Ask any dieter about pizza, and they will tell you that it is one of the most diet-sabotaging foods out there. Pizza makes us feel heavy and bloated and can lead to weight gain, because we make wrong pizza choices.
When it comes to pizzas, one of the best things you can do instead of counting fat, calories, or carbs, is to use these pizza tricks that help the scale move in the correct direction no matter whether you eat out or make your own version at home.
Depending on where you eat out, you may have an option to create your own pizza. If you are going to order diet-friendly pizza, make sure you choose dense vegetables, such as mushrooms, artichokes, onions, olives, shredded carrots, peppers, and broccoli.
Not only are these vegetables rich in essential nutrients, they all help you shred pounds while eating your favorite food. If you make your own pizza at home, this trick works perfectly well too.

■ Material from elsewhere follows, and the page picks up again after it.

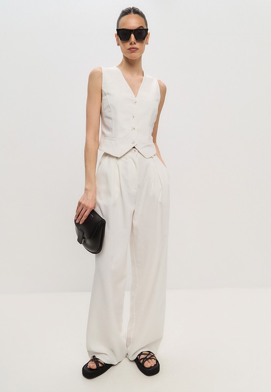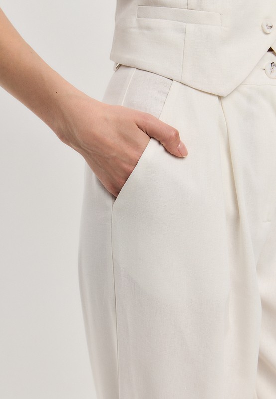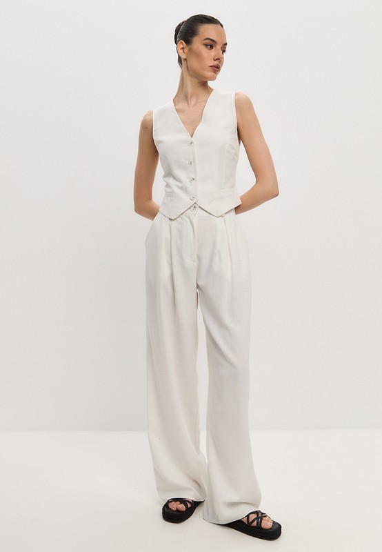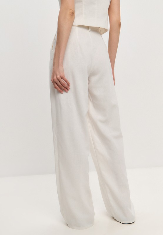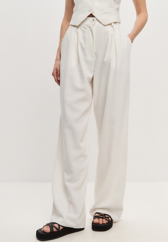 Брюки палаццо свободного кроя, с двумя складками на поясе и дополнительными шлейками для ремня. Модель выполнена из натурального льна с вискозными волокнами. Сочетайте брюки с жилетами из нашей базовой летней коллекции или носите с рубашками в более повседневных образах.
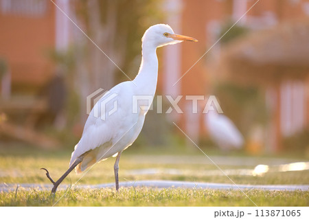White cattle egret wild bird, also known as Bubulcus ibis walking on green lawn in summer

One of the worst ingredients in most pizzas is vegetable oil. It’s cheap and tasty, but unfortunately dieters should avoid it at all costs. Olive oil is a healthier option than a vegetable oil, but it is actually bad for diet-friendly pizzas as well. Way out? Ditch oil at all. Oil-free pizzas are incredibly delicious and super healthy.
This trick works best with a homemade pizza. Low-carb pizza crust is not a must, but it helps to make your pizza more satisfying. Opt for almond flour, mozzarella and egg crust, or ground flaxseed, cheese and egg pizza crust to get the most out of your diet-friendly pizza. Some store-bought versions offer low-carb pizza crusts as well, however I don’t recommend them to anyone.
Herbs boast a host of health and weight loss benefits, making them an excellent addition to your pizza. Fresh herbs will add a ton of flavor to your pizza for nearly zero calories. Basil, oregano, thyme, cilantro, rosemary, dill, parsley, sage and even bay leaf are all perfect options for pizzas. You can either sprinkle a herb of your choice on top of your pizza or add it to the tomato sauce.
Store-bought pizza sauces are loaded with added sodium, sugars and oils. Even though those labeled ‘diet-friendly’ or ‘healthy’ contain ingredients that your stomach will not like. Create your own fresh tomato sauce, instead. Add fresh herbs and a pinch of black pepper to it for a mouth-filling taste. Do not add salt and sugar.
Picking cheese for a diet-friendly pizza may be tricky. Parmesan cheese is low in calories but high in sodium. Vegan cheese is dairy free, but loaded with fats. Fat-free mozzarella is probably the best choice, yet its taste is not the best one. I recommend using a little bit of any cheese you like. Just a sprinkle of it will not ruin your waistline.
Yes, you read that right. Pizza without meat is still pizza. Actually, a delicious pizza. Instead of meat, I suggest you use sweet potatoes, mushrooms, eggplants, canned beans, or lentils. They are inexpensive, hearty, filling, and totally diet-friendly. Animals will thank you for that choice.
With these diet-friendly tricks, you will not have to eliminate pizza from your meal plan. Master the art of eating pizza in moderation and you can have a piece each day. Keep the rest in the fridge for restrained snacking. I would love to hear your pizza tricks that help you stay fit, too.